D. P. / En radiologie interventionnelle, l’abord est 4 à 5 fois plus petit qu’en endoscopie. De plus, grâce à l’imagerie, nous pouvons voir tout ce qui se passe autour comme si on ouvrait, sans ouvrir. Une étude monocentrique [1] publiée démontre que tous les patients avaient bien le ligament coupé un mois après l’intervention. Nous pouvons donc prouver la sécurité du geste. Nous n’avons jamais observé de complications et la reprise est plus rapide par rapport aux autres techniques.
D. I. / A-t-elle des inconvénients ?
D. P. / Non, à part l’impossibilité d’opérer les patients atteints de syndrome du canal carpien secondaire à des pathologies compressives (polyarthrite rhumatoïde, etc.). Je ne peux en effet pas faire de synovectomie simultanée à la section du ligament.
D. I. / Depuis combien de temps la pratiquez-vous ?
D. P. / Je la pratique depuis 2015 et j’ai opéré environ 250 patients.
D. I. / Combien de temps dure l’intervention ?
D. P. / L’intervention dure entre 2 à 6 minutes.
D. I. / La lame crochet que vous utilisez est-elle spécialement conçue pour ce type d’intervention?
D. P. / Au départ, j’ai utilisé un matériel qui n’était pas prévu pour.

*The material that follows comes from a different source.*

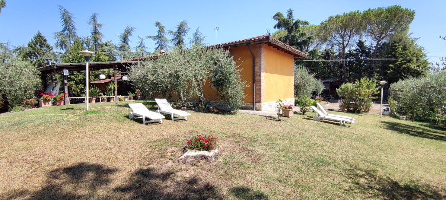Villetta indipendente realizzata nel 1970 per complessivi 320 mq per lo più al piano terra circondata da 5.000 mq di giardino recintato ed ulteriori 2 ettari tra frutteto, oliveto e spazio dedicato alla piscina di 10x20 mt.

J’ai fait des recherches dans les catalogues de chirurgie pour trouver un produit adapté à mes besoins. Puis j’ai conçu un prototype que j’essaie actuellement pour avoir un outil dédié à la radiologie interventionnelle. Je travaille à sa conception depuis 2 ans.
D. I. / Combien de médecins pratiquent cette intervention?
D. P. / Nous sommes quatre à avoir développé des techniques similaires sous échographie. En plus de moi, il y a un rhumatologue de Caen, un chirurgien espagnol de la main qui exerce à Dubaï et un médecin japonais.
D. I. / Allez-vous former des collègues à cette technique?
D. P. / Oui. J’ai organisé en janvier 2017 un congrès de microchirurgie interventionnelle radioguidée et échochirurgie (MIRE). Deux cents médecins (radiologues, chirurgiens, rhumatologues) étaient présents. Cela leur a permis de découvrir l’échochirurgie.